I really loved The Elegance of the Hedgehog by Muriel Barbery and am looking to read more contemporary literature in translation. Are there any books you would recommend for starters?

Well, I’m in the middle of a new translated novel that I can’t wait to go home and finish: Seven Years, by the Swiss writer Peter Stamm. I had never heard of Stamm—I picked the book up because the translator is Michael Hofmann. If Michael Hofmann thinks a book is worth spending that much time on, I’m always happy to read it. So far I am not disappointed. Seven Years begins like a Turgenev novella, in the present day, with a slightly disillusioned architect looking back on the youthful love affair that became his marriage, and on another love affair that didn’t. Just the kind of thing I like. And (as my friend Eric Banks pointed out last night—because it turns out he’s read it, too), Stamm deals convincingly with architects and architecture, something you don’t find in a novel every day.

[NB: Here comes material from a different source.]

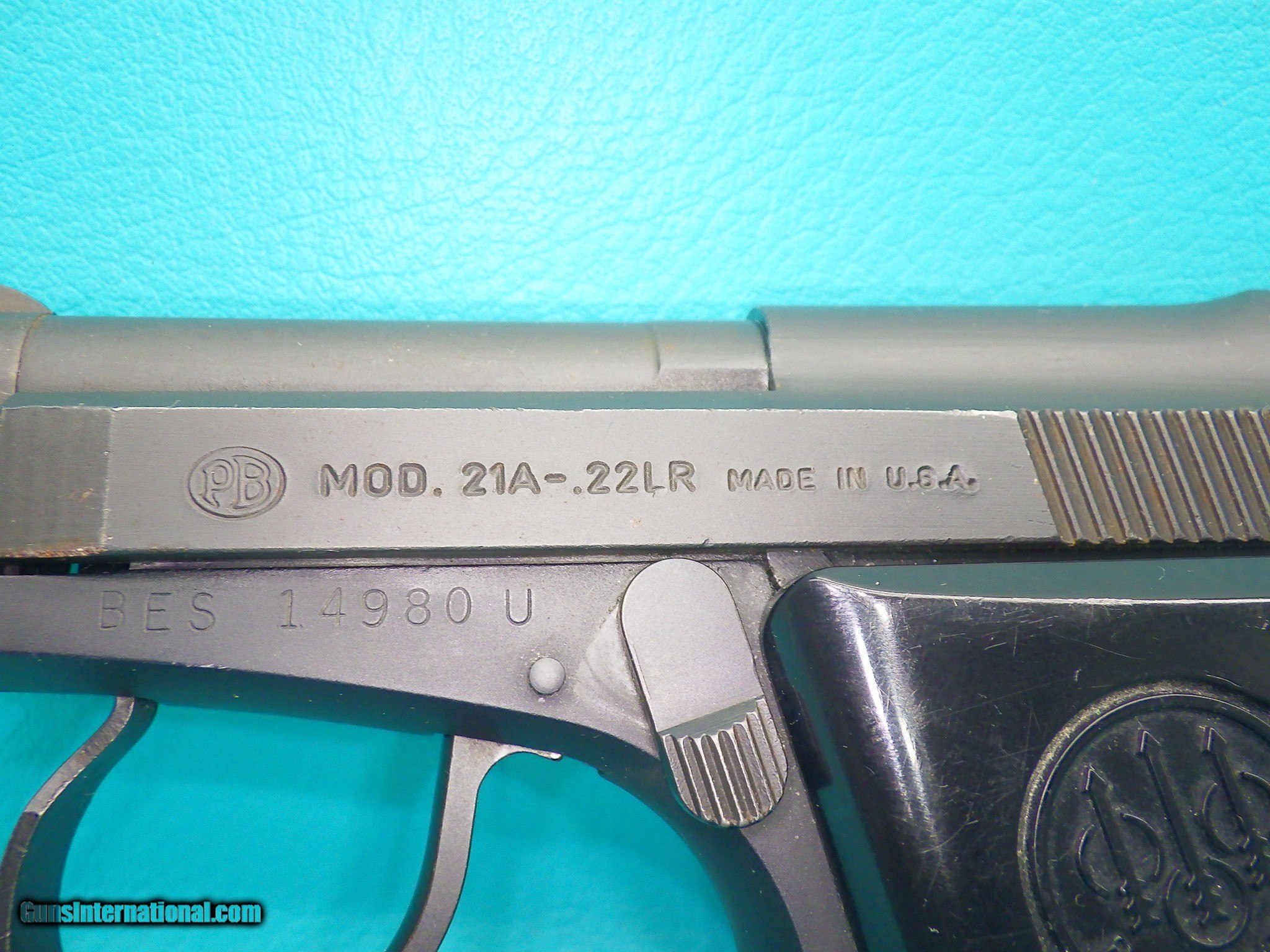 Description: ***SOLD***Make: Beretta Model: 21A Finish: Black Caliber: .22 long rifle Action: Semi automatic Barrel length: 2 1/2 inch Bore: Shiny with sharp rifling Grips: Checkered black synthetic with logo Sights: fixed MFG Date: NA Features: Unique tip up barrel design, single/double action firing, frame mounted safety, and one 7 round magazine Extras: Factory box (not matching), owners manual Condition: Nice shape with only sign of light use/wear. Shipping Cost: $25.00 The pistol functions as it should with a smooth action and strong ejection. The factory box has some discoloration which the photos show. Please refer to the photos for the overall condition. FFL is required, No handgun sales in MA.***SOLD*** SOLD Handgun Caliber: .22 Long Rifle Manufacturer: Beretta Model: 21A Serial Number: BES14980U |

David Foster Wallace is my favorite writer, but I now find it hard to read him without becoming desperately sad. Please can you suggest ways of coping? —Hermione

The last time I tried to reread Infinite Jest, I had the same feeling, and stopped. Then I got a note from a friend who, like Wallace, has suffered over the years from debilitating depression. My friend described how her last depression lifted. I can’t resist quoting her here, because what she wrote struck me as beautiful but also because it reminded me that Wallace overcame and overcame his sense of isolation, not only in life, but in his fiction, too—in Infinite Jest, for starters, the least solipsistic of contemporary novels, or even at moments in his last collection, the one my friend was reading:

One day in late summer, I decided to give Oblivion another try, or rather to give this one story “‘Good Old Neon” a try. It was a collection I’d previously struggled with. But that story, reading it at the time I did, truly gave me this surge of Spirit—life force—that I doubt I would have found anywhere else. The story’s antihero trapped in various self-created hells of bad faith, and the narrator explaining to him that while we all get hung up on being untrue to ourselves, or faking our way through life, the vastness and complexity of our selves is such that we really couldn’t begin to fake them … We’re tied to the mast of these huge crazy ships, ploughing into dark, icy seas, and our only recourse is an occasional change of hat … He puts it about a million times more elegantly than that. It was one of the moments of the year.